Honda Motor Co. has abolished its seniority-based wage system and introduced performance-based pay for the 40,000 rank-and-file employees at the parent firm and nine subsidiaries, company officials said Saturday.

Since October, the automaker has been paying monthly salaries based on six qualification grades allocated to employees and their job performances, the officials said.

Lower performance assessments can result in pay cuts, but actual cuts will only take place from fiscal 2007 because the company decided to have a transition period until the end of fiscal 2006, they added.

Most Japanese firms have a seniority-based wage system that automatically raises salaries every year, regardless of an employee’s performance.

As part of efforts to survive intensifying competition in the auto industry, Honda has been negotiating with its union for a new wage system to replace seniority-based raises.

Some companies have started paying employees in managerial positions salaries that are based on performance, but it is still rare for a company as large as Honda to introduce a merit-based system for rank-and-file employees.

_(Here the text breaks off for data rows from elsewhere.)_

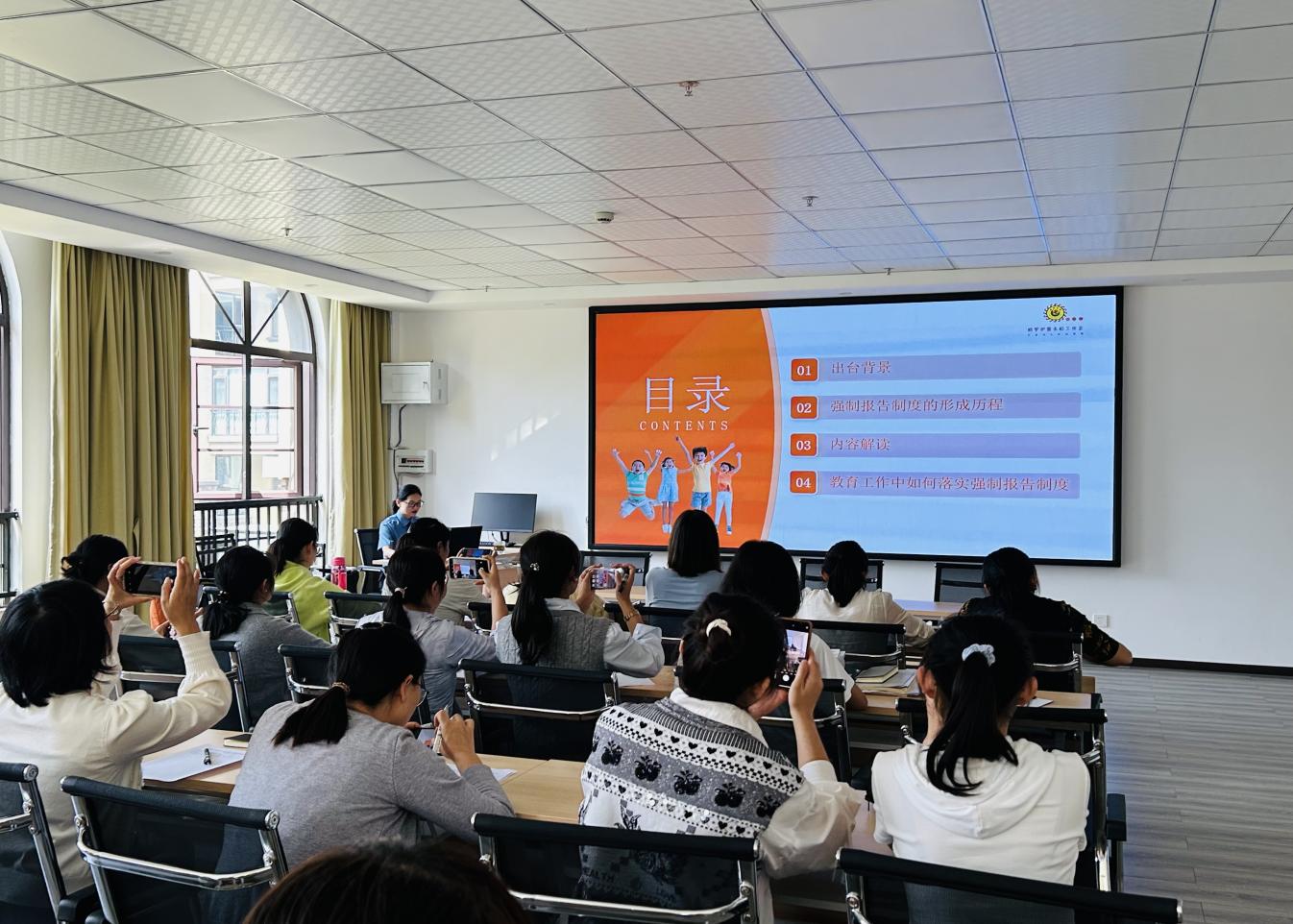 万丽同志主要从强制报告制度的出台背景、形成历程、内容解读及教育工作中如何落实强制报告制度等四个方面进行了阐述,并应用扎实的法律专业知识、丰富的实证案例及典型的未成年人被侵犯视频,为教职工生动地呈现了这部法律制度。
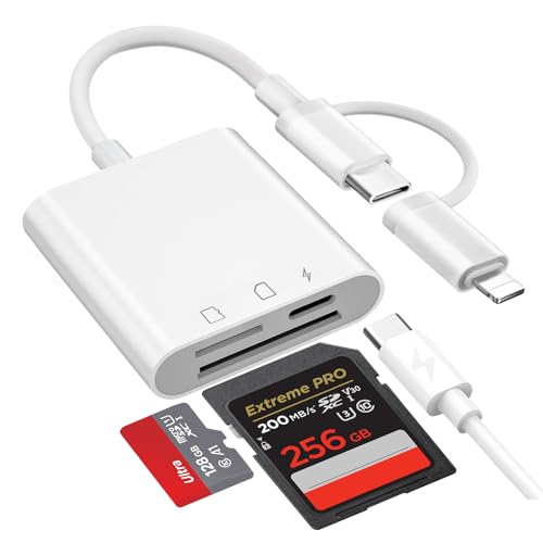 SD Card Reader for iPhone iPad, Lightning & USB C SD Card Reader with Micro SD & SD Dual Slot and USB Port, Camera Card Viewer Photography Memory Card Adapter
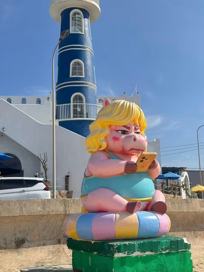 Linh vật ngựa mặt cọc, cầm iPhone 17 'đi lạc' ra bãi biển Nhơn Lý
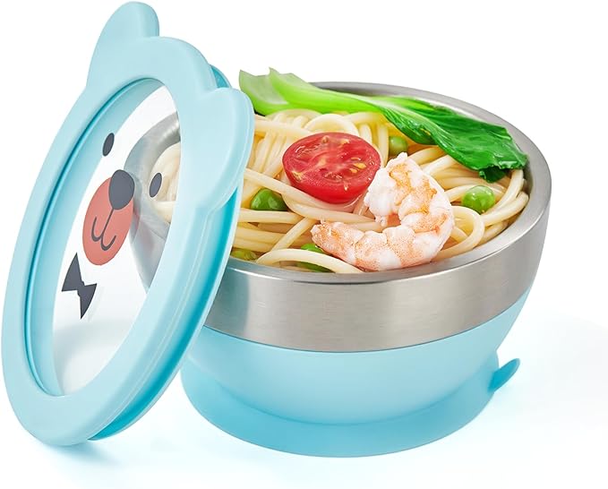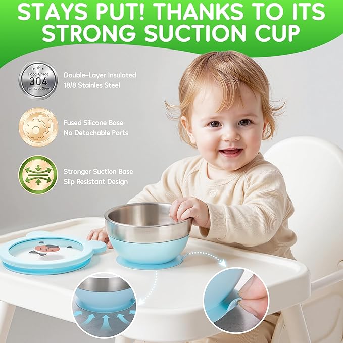 Suction Bowl and Spoon Set for Babies and Toddlers Non-Slip Silicone Suction Cups, Advanced 304 Stainless Steel Bowls, Double-Layer Insulation, and BPA-Free Lids Food-Grade Safety BLUE

A number of major firms are urging their labor unions to accept alterations to seniority-based pay raises as they prepare for annual salary negotiations in the spring, and the decision of Honda, which has reported record sales and profits for the first half of the current business year, may influence wage talks at other companies.

Wage raise put off

OSAKA — The management and labor union of Sumitomo Electric Industries Ltd. have agreed not to implement regularly scheduled annual pay raises this year, effectively cutting employees’ wages, according to company and union officials.

The labor union of the Osaka-based producer of electric wires and cables has accepted a management request to freeze mandatory pay hikes for one year, to the end of March 2004, in light of the company’s deteriorating business situation, union officials said.

Sumitomo Electric expects to post a group net loss of 20 billion yen for the year through next March 31, as its earnings were hit by falling demand for fiber optic products and semiconductor materials for use in cellular phones.

The union believes maintaining jobs at the company should take priority over everything else for the moment.

A company executive said the agreement is “a step needed for returning to the black, which we aim to do by any means.”

“We want to achieve a recovery in our business by sharing the pain and keeping personnel costs unchanged,” the executive added.